▶ Exercise goal: Only the lines from the one containing "Sheer Black with" through the end of the entries are to be copied, exactly and without pictures, please.

▶ Supplied data:
%%

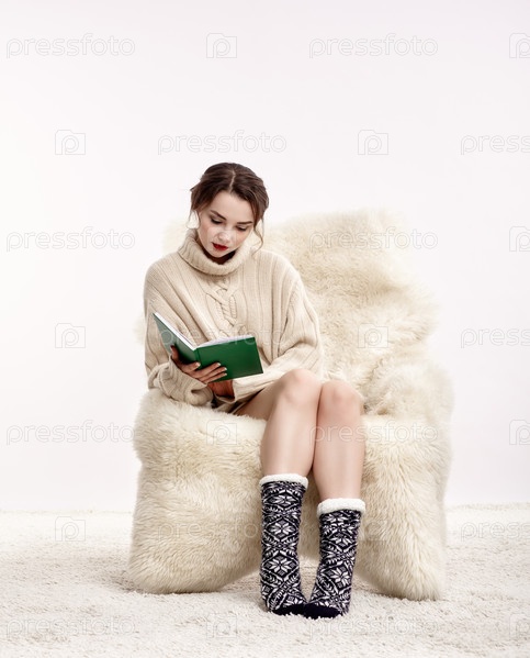 Брюнетка на пушистом кресле с книгой в руках
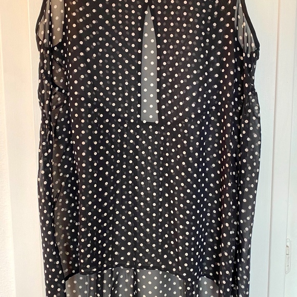Sheer Black with white polka dots, longer in back, you can see the open in the back, so darn cute!
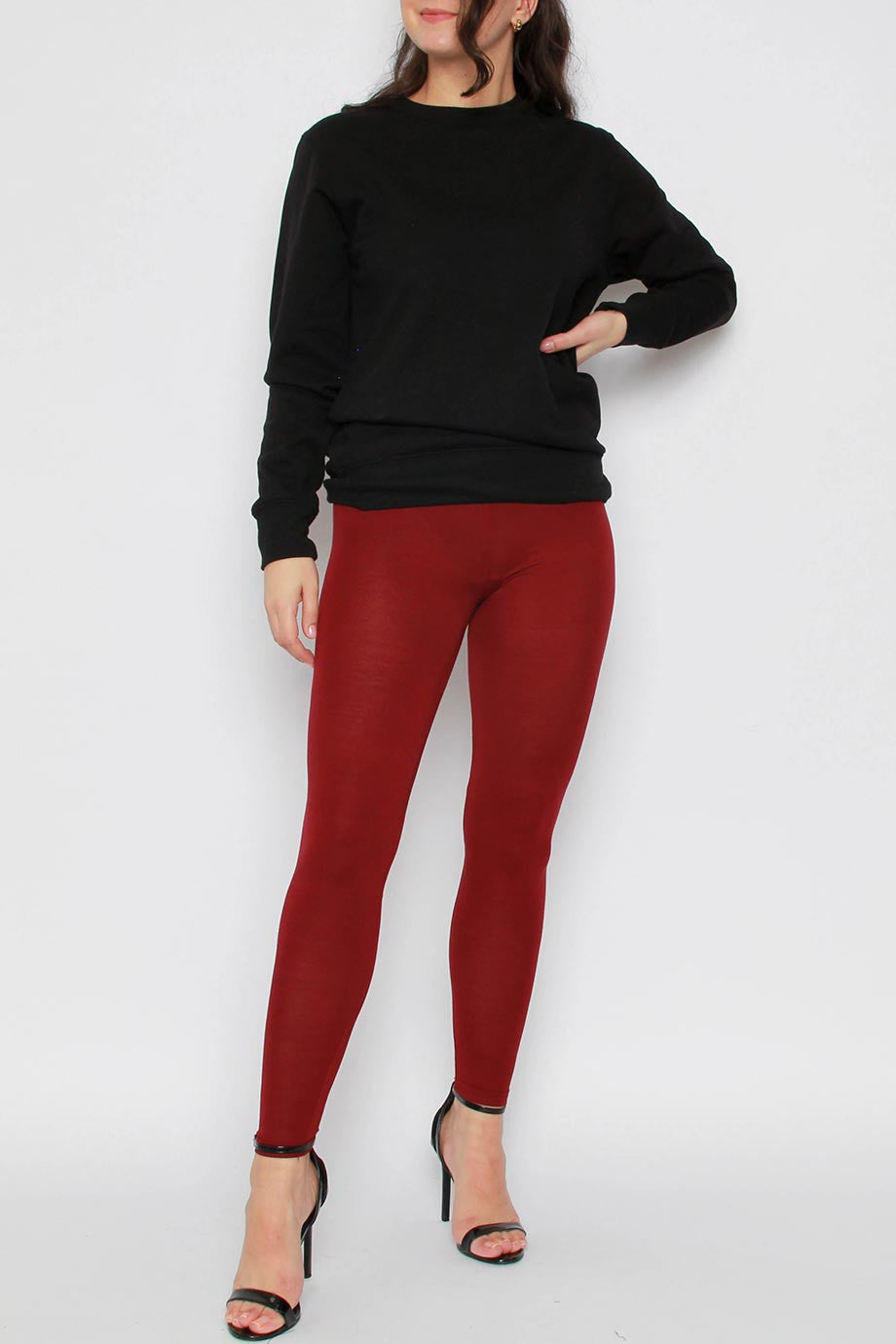 Wine Plain Viscose Leggings
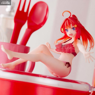 Itsuki is the last born of the Nakano quintuplets. She is certainly the one who attaches the most importance to her studies and she has a sensitive character, having tears easily when her sisters argue. She takes advantage of the good weather here to swim, in a pretty red swimsuit, on a matching buoy.
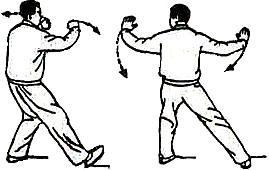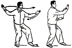 1. Медленно перенести вес тела на левую ногу и повернуть корпус влево (6 часов). При этом развернуть носок правой стопы вовнутрь. Одновременно раскрыть оба кулака, разводя кисти по дугам в стороны ладонями наружу. Смотреть на левую кисть (рис. 119-120).
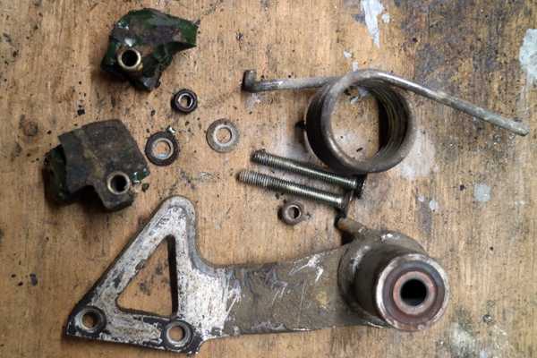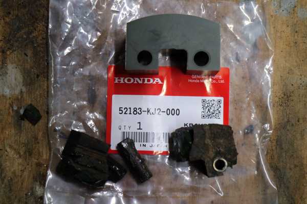少々ガタがあっても走る時は常時チェーンがあたっているので、音が出るような事は無いと思いそのまま取り付ける事にして、チェーンテンショナーの分解に掛かる。テンショナーのガイドは錆が蔓延していたが奇跡的にスプリングは錆びていなかったので、購入しなかった。ガイドをシルバーで塗装し、砕けたスリッパーからカラーを取り出し磨いて置く。スリッパーは新品に交換し、組立てる。
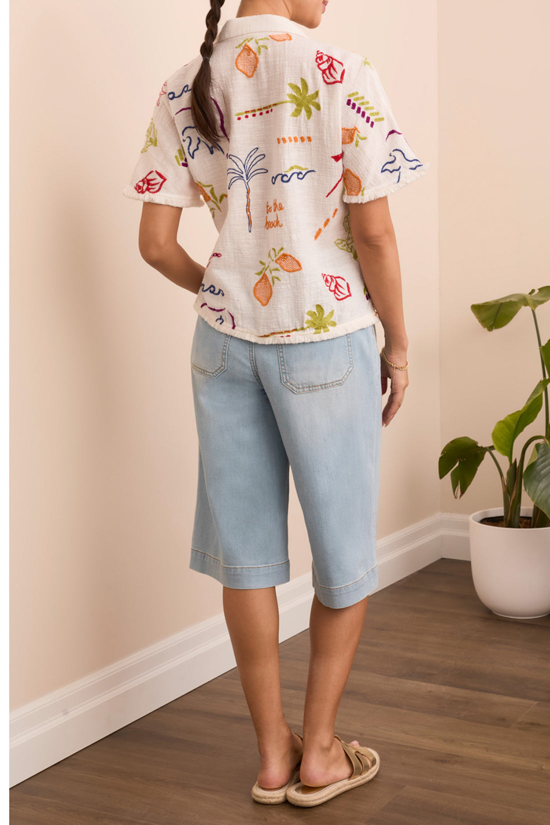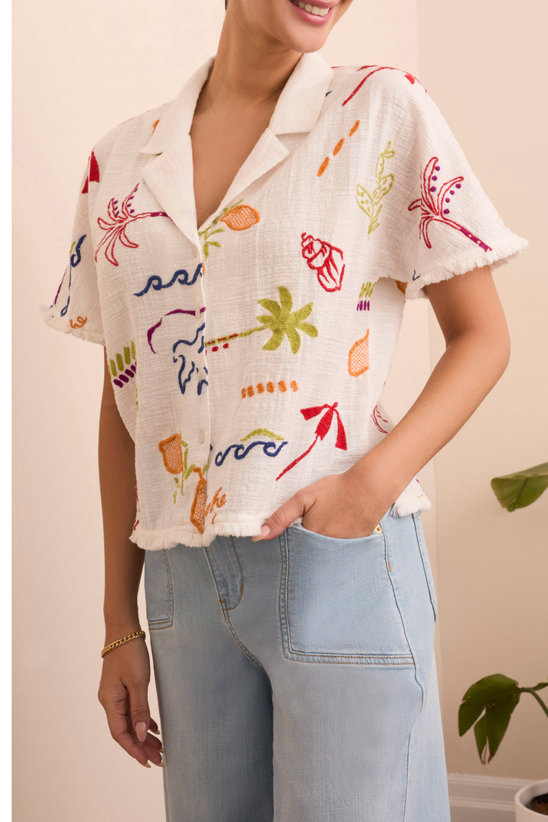 Summer Print Blouse with Fringe Detail

%%

▶ Finished task:
Sheer Black with white polka dots, longer in back, you can see the open in the back, so darn cute!
 Wine Plain Viscose Leggings
 Itsuki is the last born of the Nakano quintuplets. She is certainly the one who attaches the most importance to her studies and she has a sensitive character, having tears easily when her sisters argue. She takes advantage of the good weather here to swim, in a pretty red swimsuit, on a matching buoy.
 1. Медленно перенести вес тела на левую ногу и повернуть корпус влево (6 часов). При этом развернуть носок правой стопы вовнутрь. Одновременно раскрыть оба кулака, разводя кисти по дугам в стороны ладонями наружу. Смотреть на левую кисть (рис. 119-120).
少々ガタがあっても走る時は常時チェーンがあたっているので、音が出るような事は無いと思いそのまま取り付ける事にして、チェーンテンショナーの分解に掛かる。テンショナーのガイドは錆が蔓延していたが奇跡的にスプリングは錆びていなかったので、購入しなかった。ガイドをシルバーで塗装し、砕けたスリッパーからカラーを取り出し磨いて置く。スリッパーは新品に交換し、組立てる。
 Summer Print Blouse with Fringe Detail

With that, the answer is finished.